If you have been contacted by a debt collector or worried that a collector will contact you soon because you have fallen behind your bill payments, you probably have many questions and might be nervous about the process.
This article will introduce you to how debt collection works so you can understand the perspective of a collector or an agency. This will give you a better idea of what motivates debt collectors and what are the incentives they get.
How Does Debt Collection Work?
Debt collectors often work for debt collection agencies, though some operate independently and many are also attorneys. Agencies act as a middleman that tries to collect debts from the customers that are at least 60 days past due. The creditor pays the collector a percentage of the total amount collected. These agencies collect delinquent debts of all types: credit cards, personal loans, medical, student loans, cell phones, and utility bills and more.

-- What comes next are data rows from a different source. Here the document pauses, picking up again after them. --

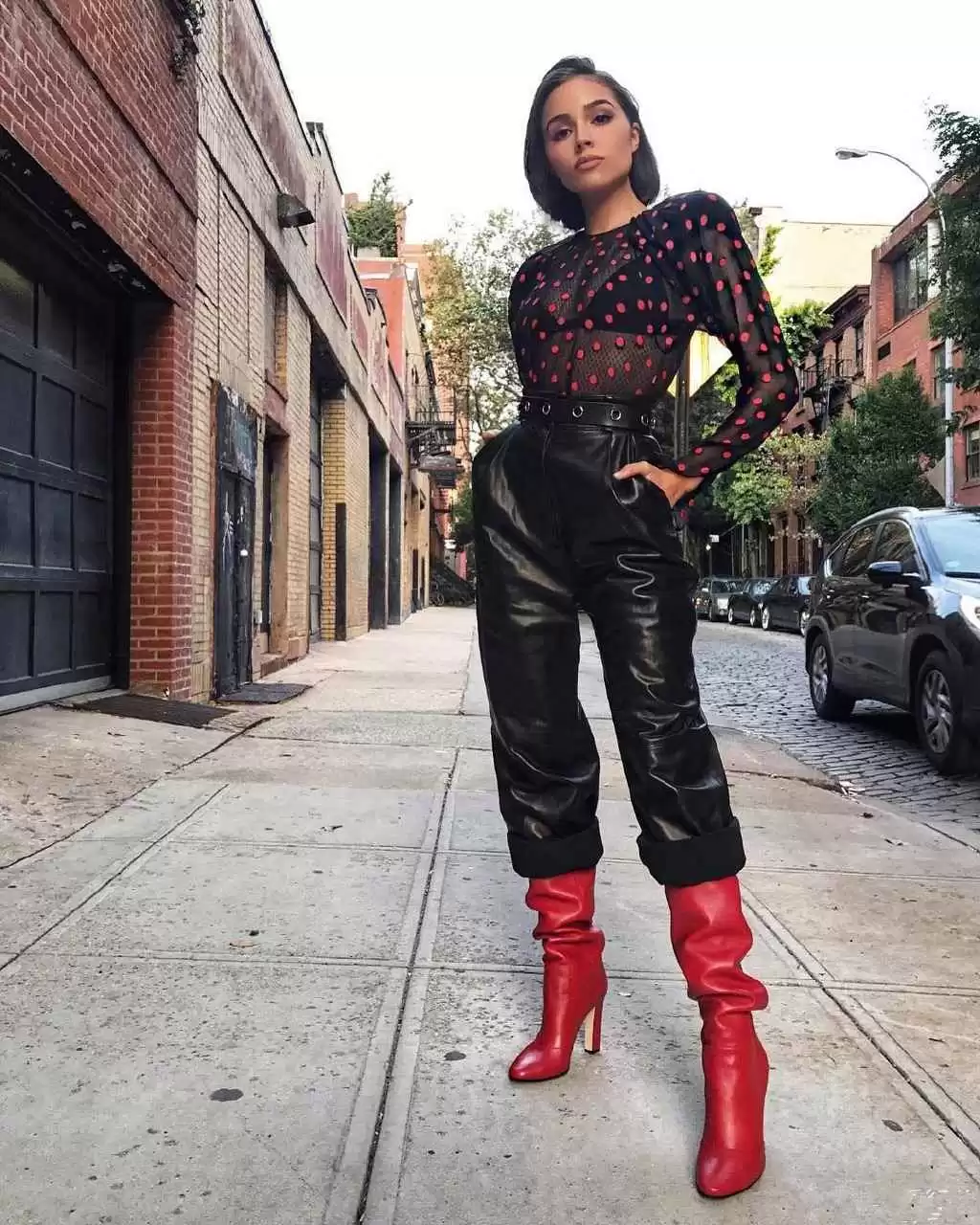 你可以选一条开叉半裙来配长靴,这样既能若隐若现地露出靴子,又增添了几分时尚感。
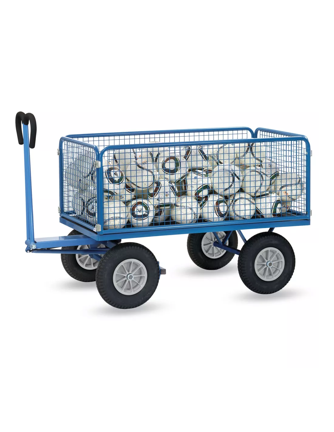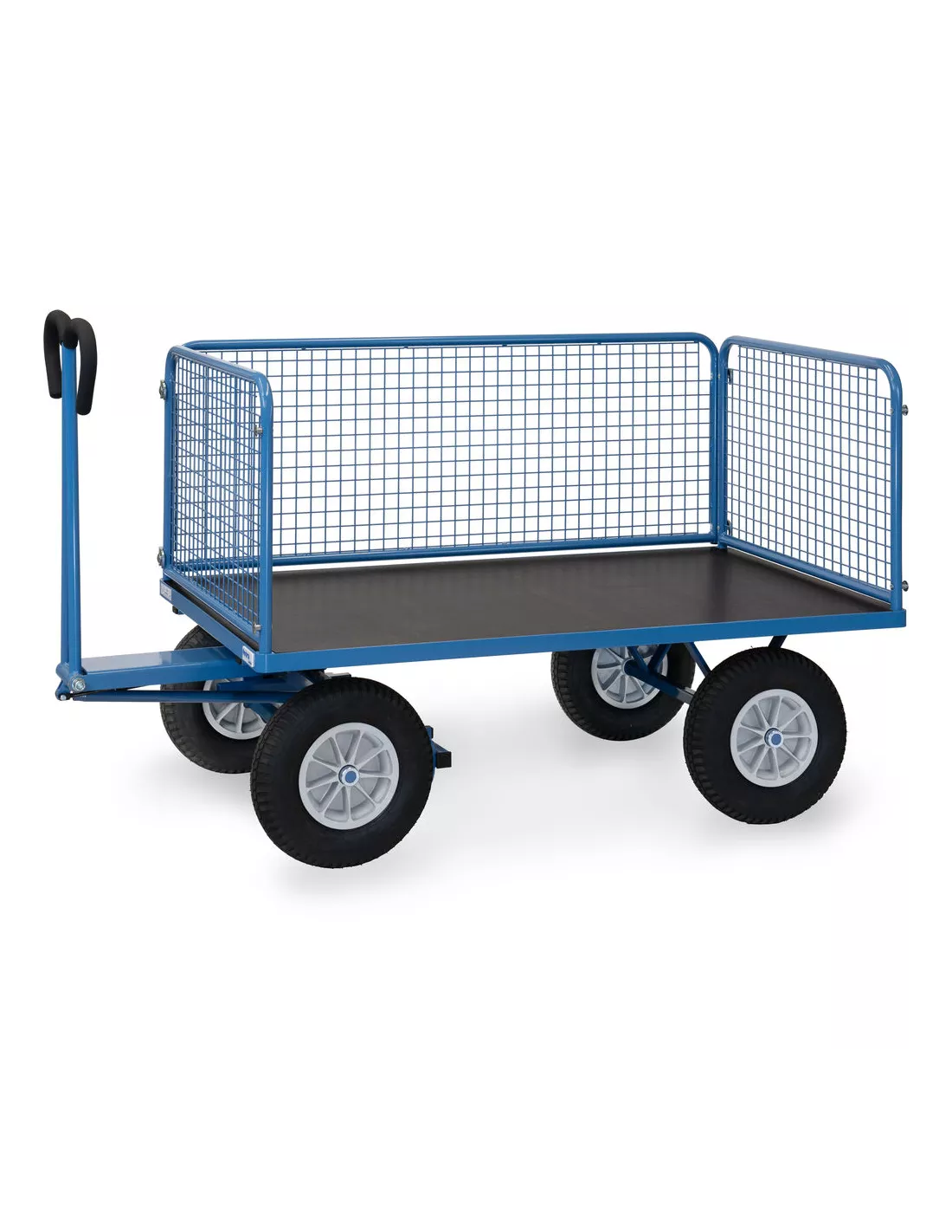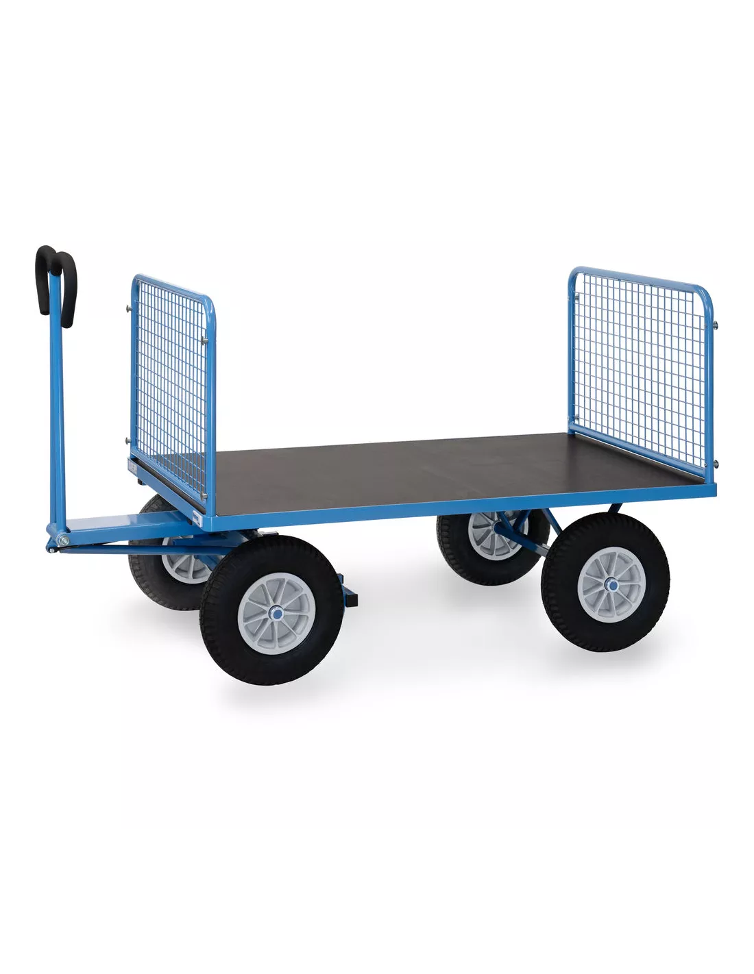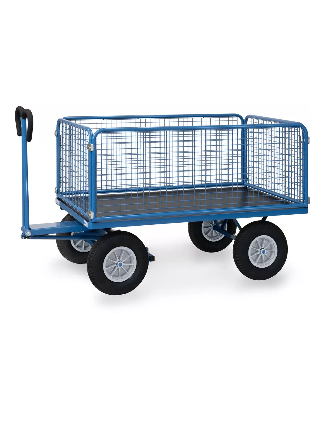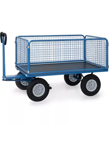 Ensemble mécano-soudé, revêtement époxy bleu RAL 5007. 4 inserts dans les angles, essieu sur rond à billes, timon en triangle avec poignée avec revêtement en plastique sécurisée remontant automatiquement en position verticale. Plateau en contreplaqué avec revêtement antidérapant et hydrofuge. 4 ridelles de 600 mm de haut boulonnées à la plateforme, grands côtés amovibles. Treillis métallique mécano-soudé, maille de 40 x 40 x 4 mm. Roues en mousse polyuréthane increvables, moyeu à roulement à rouleaux. Freinage automatique sur essieu avant.
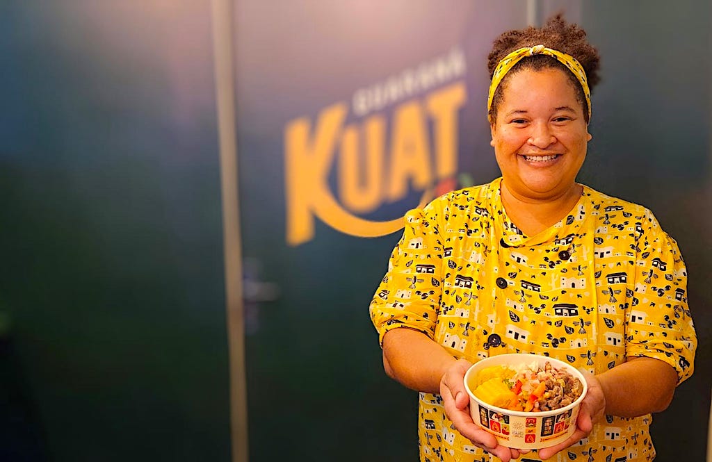 Com 15 anos de cozinha, o apoio da Kuat representou o coroamento ao trabalho da chef Gessi na culinária pernambucana. “Recebi capacitação, e junto com a Kuat criamos o poke com ingredientes nordestinos, e brasileiros, também, como o arroz carreteiro e o vatapá paraense. Esta presente no espaço gastronômico no Pátio de Eventos é um vitrine da minha culinária”, contou a chef, que foi inspirada nos temperos da vó Maci e mãe Geni.

For difficult to collect debts, some agencies also negotiate settlements with a customer for less than the amount owed. Debt collectors also use aid from lawyers to file lawsuits against customers who have refused to pay the debt.
What Debt Collectors Do
A debt collector can use letters, phone calls, or sometimes e-mails to contact the borrower and try to convince them to repay the borrowed amount. When the collector is not able to reach the customer, they look further and try to find other means of contact by using computer software and private investigators. They also conduct searches on the assets owned by the borrower such as bank accounts to determine the debtors repaying ability. Debt collectors may also report the debts to credit bureaus to encourage consumers to pay since debts can do serious damage to a customer’s credit score, which could affect their ability to take any loans in the future.

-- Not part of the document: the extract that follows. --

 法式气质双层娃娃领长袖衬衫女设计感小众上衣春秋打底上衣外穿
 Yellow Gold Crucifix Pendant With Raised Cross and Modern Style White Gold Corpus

A debt collector has to rely on the debtor to repay. They cannot seize a pay check or reach into a bank account unless a judgment is obtained from a court. To do this, a collection agency must take the debtor to court before the statute of limitations run out and win a judgment against them. This judgment allows a collector to begin garnishing wages and bank accounts, but the collector must still contact the debtor employer and the bank to request the money.

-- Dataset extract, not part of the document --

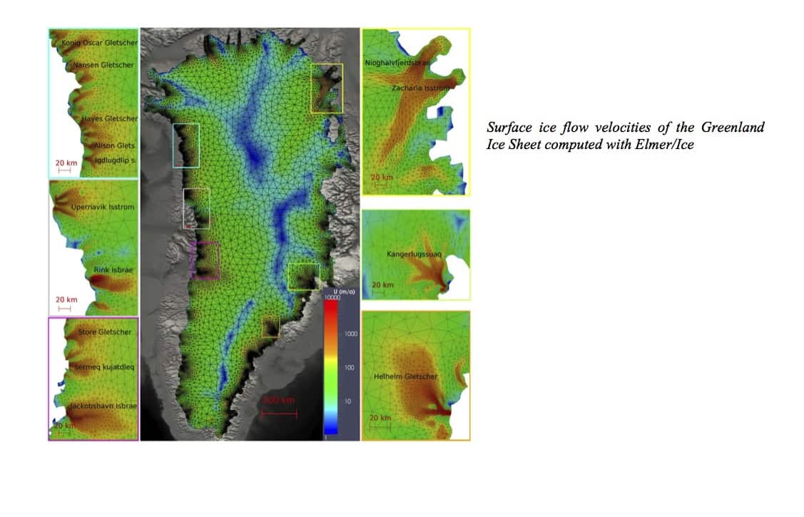 The ice flow modeling team, from the Laboratoire de Glaciologie et de Géophysique de l’Environnement is developing the ice-sheet model Elmer/Ice (http://elmerice.elmerfem.org). This open source code, with an increasing number of users, is today internationally recognized for the accuracy of the physical processes implemented in, the data assimilation methods developed and the quality of the computed projections. Elmer/Ice is currently used in various studies : (i) the investigation of physical processes involved in ice sheet dynamics (subglacial hydrology, damage and iceberg calving), (ii) projections of outlet glaciers evolution and (iii) interactions with the other components of the climate system (atmosphere, ocean) at the root of the observed changes in the ice flow dynamics.
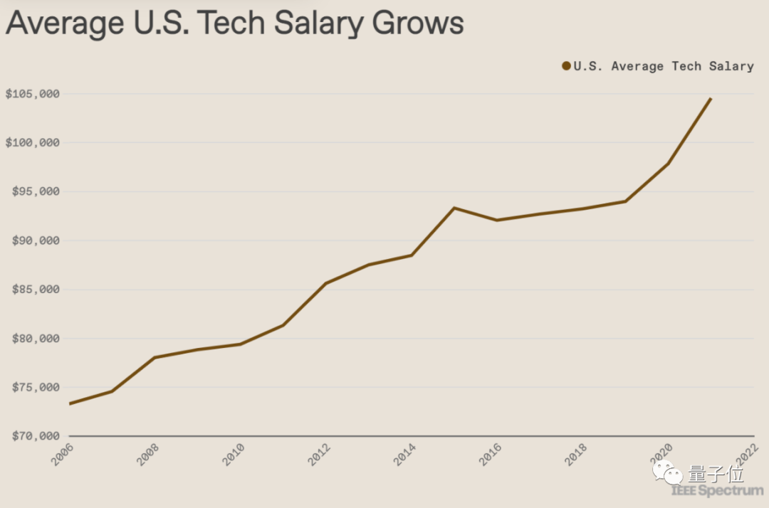 据IEEE Spectrum报道,2021年全美技术人员的平均年薪上涨了6.9%,从五位数(97859美元,约62万人民币)突破到了六位数:104566美元(约66万人民币)。

Debt collectors also contact the borrowers who already had a judgment against them. Even when a creditor wins, it can be difficult to collect the money. Along with levies on their bank accounts or vehicle, debt collectors can also try to place a lien on the property of force the sale of the assets to collect the borrowed amount.
Now, that you are aware of how the debt collectors operate, you should feel more encouraged to pay any debts on time before a Debt Collection Netherlands agency contact you.